Ha! Looks like she's got her hands tied behind her back though :wink:


----------



## brian1978 (Jul 10, 2013)

Shug750S said:


> brian1978 said:
> 
> 
> > but if England voted to leave the EU in Camerons in out referendum and Scotland doesn't I think we will be back with another independence referendum faster than anyone anticipated.
> ...


http://www.theguardian.com/world/2015/f ... ve-eu-poll

i think we will have a clause in the SNP manifesto for 2016 protecting Scotland's interests within the EU.

Nicola Sturgeon has already said one of the things that would be a mandate for another referendum would be England voting to leave while Scotland votes to stay,.

id honestly like to think that England would see walking away from the EU and the largest free trade zone on earth as madness, but when you see some polls and the rise and rise of UKIP you have to wonder.


----------



## Spandex (Feb 20, 2009)

brian1978 said:


> yes but comparing a region of one country to a whole country isnt fair.....
> 
> imagine the shoe was on the other foot and every time Scotland voted SNP the whole of the UK was governed by them.


Why's it not fair? The only difference is that London _can't_ ask for independence. The population of London is significantly higher than that of scotland and they're all stuck with a government they didn't vote for (and one they never vote for, as London is always a labour stronghold).

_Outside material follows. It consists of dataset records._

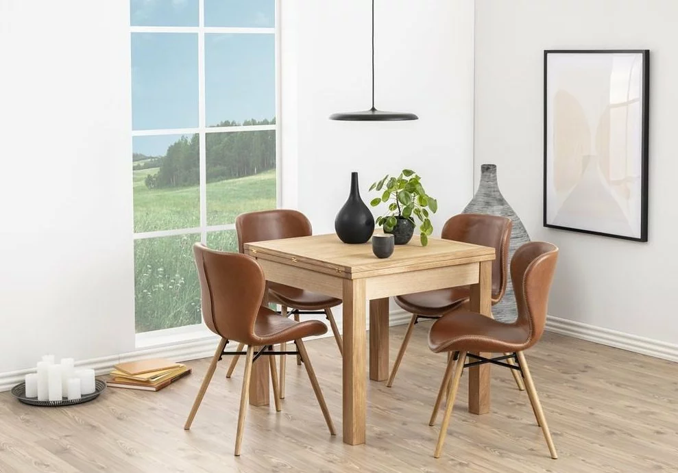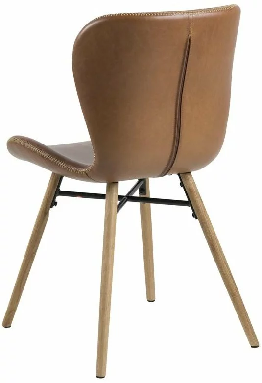 Mukava ruokatuoli, ruskeaa keinonahkaa ja öljytyt massiivitammea jalat. Täydellinen useille eri pöydille.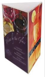Clear acrylic table tent, 6" x 4" insert size. Our 3 view, top-open tabletop stands are made of .080 clear acrylic.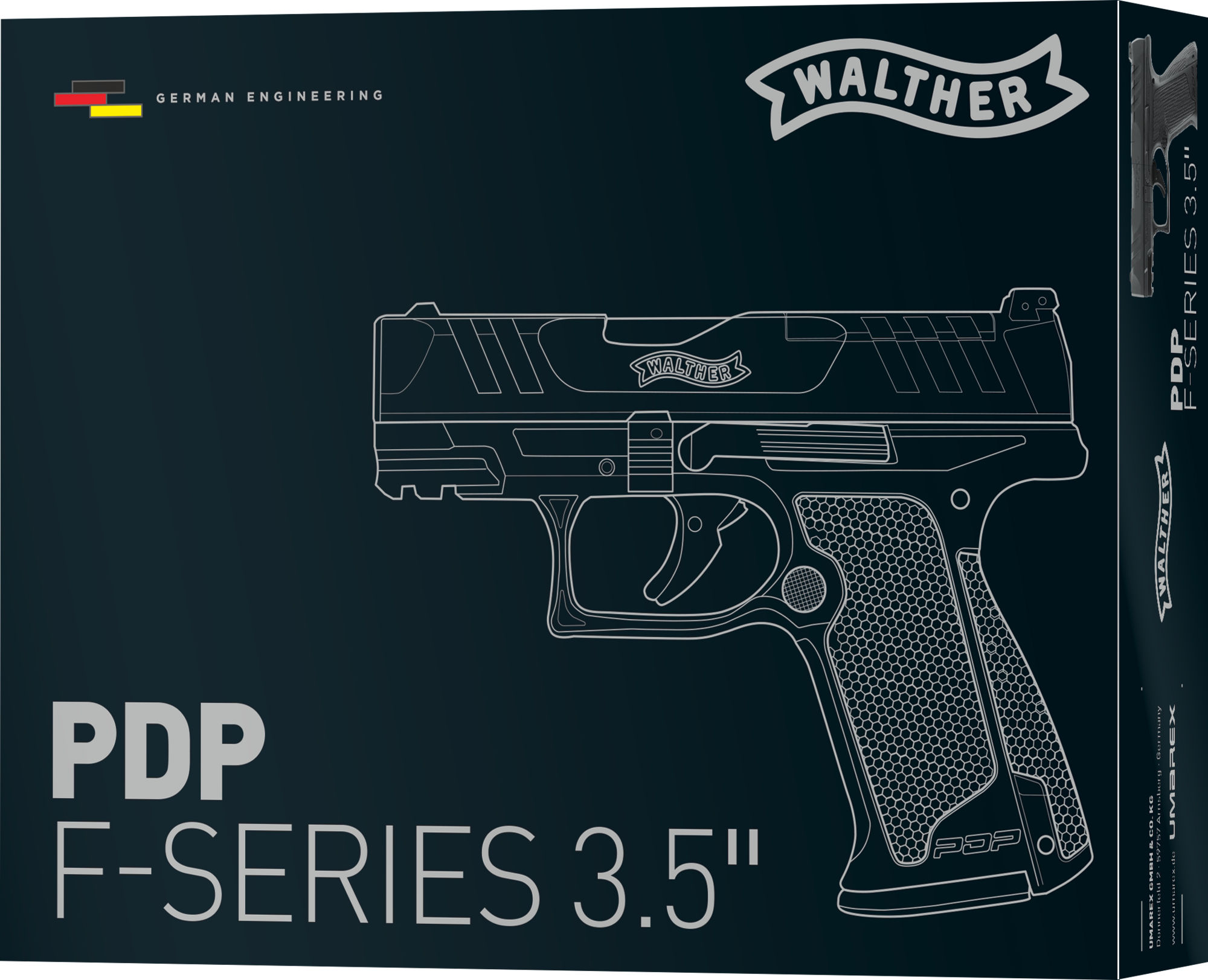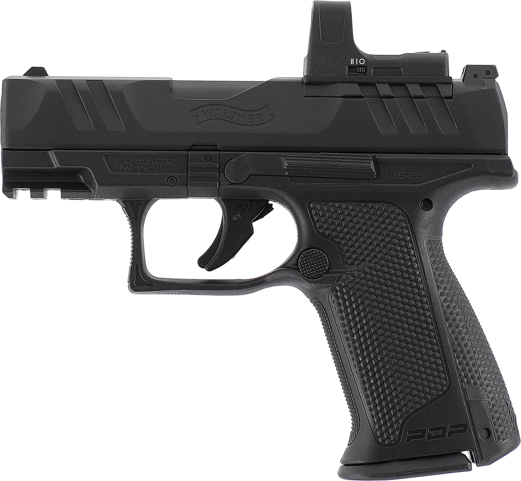 „It‘s You Duty To Be Ready” – Mit diesem Claim legt die Walther Performance Duty Pistol ihren Anspruch an Qualität und Einsatzbereitschaft für professionelle Anwender offen dar. Die sorgfältig entwickelte F-Series wartet mit einer optimierten Ergonomie für Anwender mit kleineren Händen auf. Dazu wurde der Griffumfang reduziert und die Form an die Anforderungen an eine kompaktere Ausführung der Walther PDP angepasst.

If the shoe was on the other foot, I'm not sure what you imagine the issue would be. More than 60% of the population of the UK (that voted) didn't vote for the current government, after all.


----------



## brian1978 (Jul 10, 2013)

Spandex said:


> brian1978 said:
> 
> 
> > yes but comparing a region of one country to a whole country isnt fair.....
> ...


id imagine the issue would be rejection.

again, Scotland is a separate country from England, the UK only ever getting whatever government England votes for is not democratic.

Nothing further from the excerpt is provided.